When asked about Bigg Boss 14’s performance this year, she said the show has always had its highs and lows and it continues to be a top-performing show for the channel. “It is a show that caters to a very large fan base. I'm pretty sure the fan base is watching us. From a weekend perspective, it is right up there. It is our top show on the weekend and Salman is carrying out his magic and with Rakhi Sawant and Rahul Mahajan (who has been evicted recently), we have a lot of new things happening on the show. According to me, it has been a very consistent deliverer and over a period of time it has become a phenomenal reality show because it is the only unscripted show on television.”  

She said it cannot outperform and outshine itself every year. “We are not saying it is not working for us because it is our top-performing show on the weekend. It’s also about the mix of the contestants in the house.   It is about how we've been able to pull off the show as it has been very hard for us to do so in the lockdown. But having said that, I think we put ourselves out there in the center because Bigg Boss is synonymous with COLORS. Despite just coming out of the lockdown, we had 17 sponsors. Which was a very big deal and that should tell you the kind of fan base and the loyal base that has continued to watch Bigg Boss season after season,” said Jaipuria.

Content needs to be inclusive

Speaking about the past year’s experience, Jaipuria said storytelling needs to be inclusive and relatable.  “It is being viewed with family now and television is seen as a way of spending family time. We are telling stories that are inclusive in nature and targeting the simplistic human emotions that leads to family bonding. We are looking at stories and characters that are very inclusive and relatable.”

They have embraced technology and figured how to entertain audiences in the absence of fresh content by focusing on their library shows and mythology with shows like Om Namah Shivay, Ram Siya ke Luv Kush, Balika Vadhu and Na Aana is Des Laado. “Even after the lockdown some of these nostalgic shows continue to be favorites and continue to give healthy ratings in our non-prime time. The big learning for us has been that we need to learn the sentiment of our viewers and as an entertainment brand we need to be out there for them when they need us the most,” said Jaipuria.

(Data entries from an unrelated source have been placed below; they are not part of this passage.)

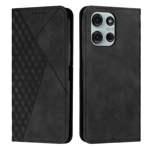 Funda de Cuero Magnética para Motorola Moto G75 con Diseño de Diamante (Negra)
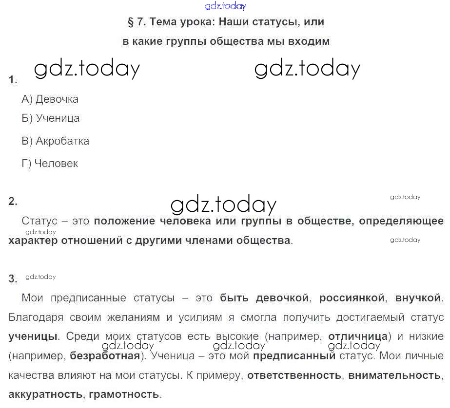 На страницах сайта gdz.today вы найдете учебный и вспомогательный материал, направленный на улучшения знаний школьной программы. ГДЗ - онлайн мир знаний Решение к § 7. Наши статусы, или в какие группы общества мы входим страница 25 Рабочей тетради по Обществознанию для 7 класса Соболева Вентана-граф Алгоритм успеха 2018
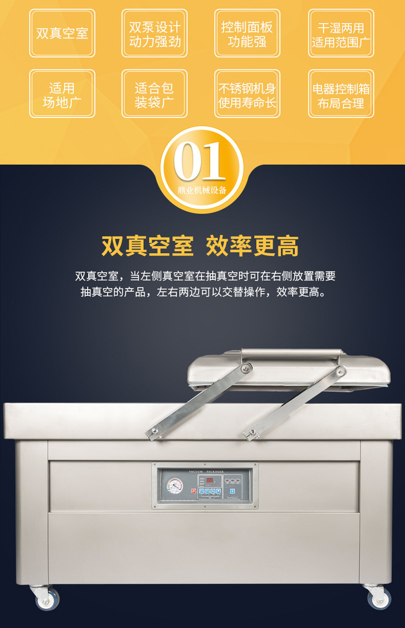 總之,雙室真空包裝機憑借其高效、多功能和可靠的特點,在各個行業中都發揮著不可或缺的作用,為產品的優質包裝和保存提供了有力支持。
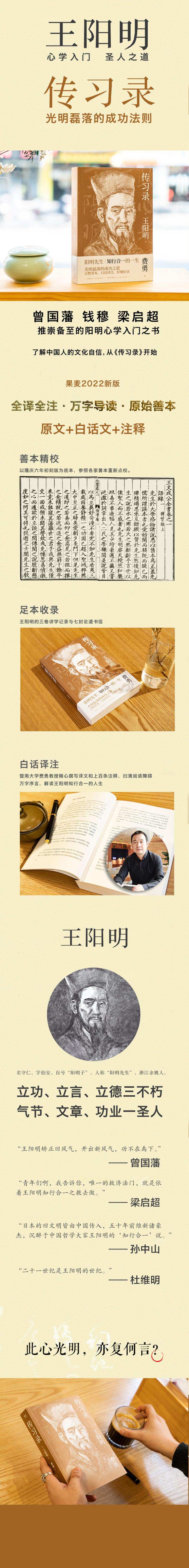 "·知行合一的生活哲学读本""。 ·传世经典:心学入门之书,儒家经典之作,曾国藩、钱穆、梁启超推崇备至。 ·简明好读,详尽导读,译文在前,原文在后,扫清阅读障碍,一本书读懂《传习录》。 ·版本可靠:以隆庆六年谢廷杰刻本为底本,考以嘉靖本、四库全书文渊阁本、施邦曜辑评本重新点校。纠正现有版本的数十处错误。 ·译文严谨:暨南大学博导费勇教授在潜心研究《传习录》及阳明心学后精译全文并做万字序言。 " · 传世经典:心学入门之书,儒家经典之作,曾国藩、钱穆、梁启超推崇备至。 · 简明好读:全译全注,详尽导读,译文在前,原文在后,扫清阅读障碍,一本书读懂《传习录》。 · 版本可靠:以隆庆六年谢廷杰刻本为底本,考以嘉靖本、四库全书文渊阁本、施邦曜辑评本重新点校。纠正现有版本的数十处错误。 · 译文严谨:生活榜创始人、暨南大学博导费勇教授在潜心研究《传习录》及阳明心学后精译全文并做万字序言。"
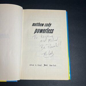 Selling "Powerless" by Matthew Cody. This is a 2009 Hardcover Book signed by the Author, Matthew Cody, to a fan. It's in Great Condition!
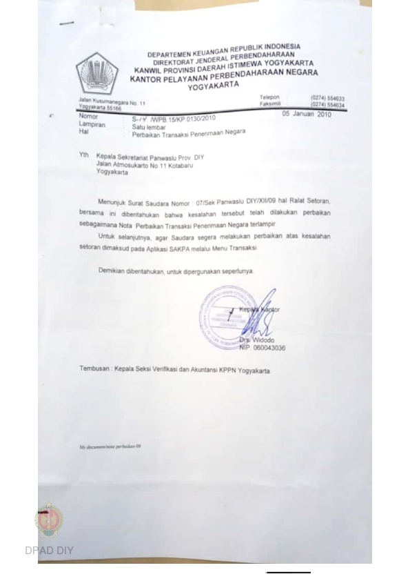 Surat No S-14/WPB.15/KP.0130/2010 tentang Perbaikan Transaksi Penerimaan Negara.
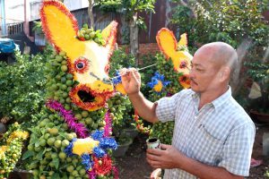 Ông Nguyễn Văn Dị, 52 tuổi, ở làng hoa Chợ Lách, kết từng bụi tắc
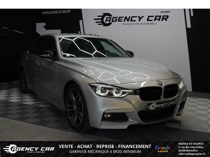 AGENCY CAR Showroom automobile à ValenceDepuis 2014, AGENCY CAR vous accompagne dans vos projets d'achat de véhicules d'occasion avec sérieux et transparence.Notre agence de Valence vous propose ce véhicule :BMW 320D F30 M ULTIMATE, GRIS CLAIR, 10 cv, 4 portes, première mise en circulation le 28-06-2018, garantie 6 mois.Véhicule visible UNIQUEMENT SUR RENDEZ-VOUS à l'agence de Valence (26).Horaires d'ouverture :Mardi au Vendredi : 10h - 12h / 13h - 18hSamedi : 10h - 15hFinancement possible de 12 à 72 moisGarantie jusqu'à 48 mois en optionLivraison dans toute la France (sur devis)Des erreurs peuvent se glisser dans nos annonces. Merci de nous contacter pour toute confirmation d'équipements ou d'informations.Vidéo 360° du véhicule disponible sur notre site internet. Véhicules similaires Audi A4, Mercedes Classe C, Skoda Octavia, Seat Leon, Volkswagen PassatLes options : Jantes en alliage léger 19' (48 cm) style 704 M à rayons doubles bicolores, Aluminium Line satiné, Camera de recul avec lignes de guidage sur l'écran multimédia, chassîs sport, Dispositif d'alarme, Frais de dossier 690 euros, Kit aerodynamique M Sport X, Navigation multimédia Professional, Omission Sigle, Pack Sport M, Pack Toit Ouvrant, Park Assist, Radars de stationnement automatiques PDC avant et arrière, Rideaux pare-soleil pour vitres et portes AR mécanique, Rideaux pare-soleil pour vitres latérales arrière, sieges sport, Surround View, Tapis de sol velours AV et AR, Volant cuir M
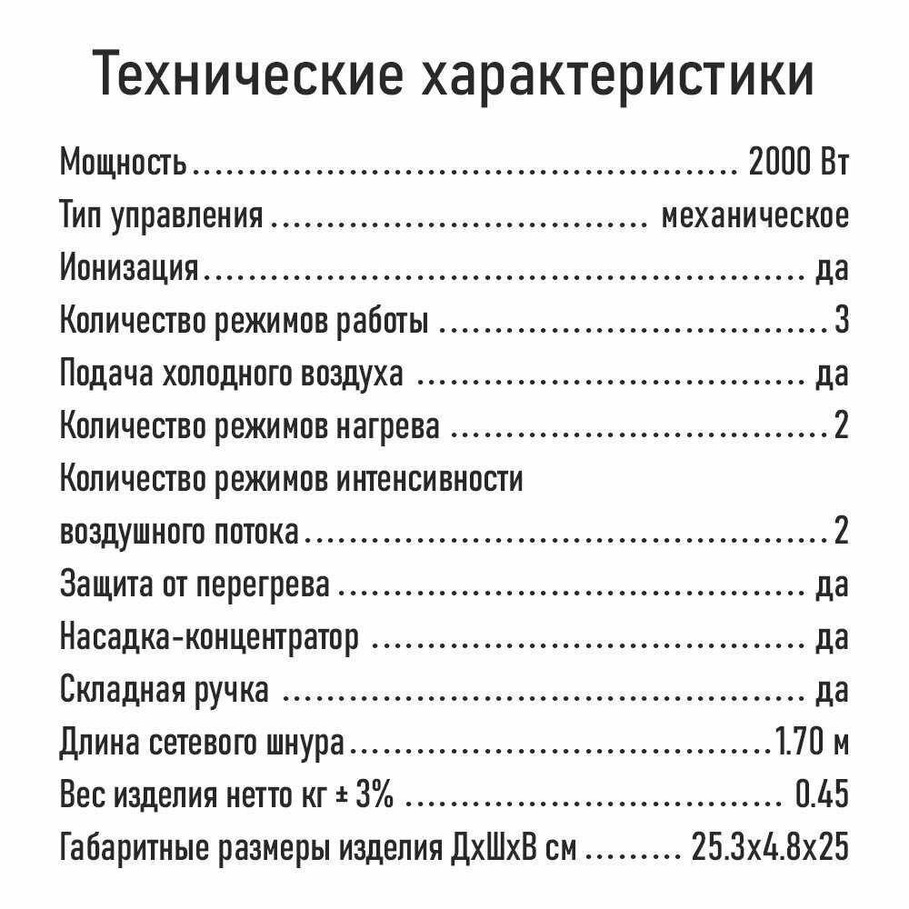 Мощность фена : | 2000 Вт |

Speaking about the kid’s category, she said Nick and Sonic were already ready with some new content just before the lockdown was announced, which gave both the channels a great summer. “The genre had moved to a 9% genre share of the total. However, it did stabilize back to 7% when GECs returned with original programming. Even at 7%, because the total viewership has grown, the stability for kids’ category is much higher than the pre-COVID period,” said Jaipuria. 

“The kids’ category is flying high and for the seventh year in a row, Nickelodeon has been the no.1 channel. I am happy to say that Sonic has also made it to the top and as a franchise now we deliver a 32% market share, which is 1/3rd of the category. It has not been easy entertaining kids from home, and ensuring to be there when they needed us the most,” she added.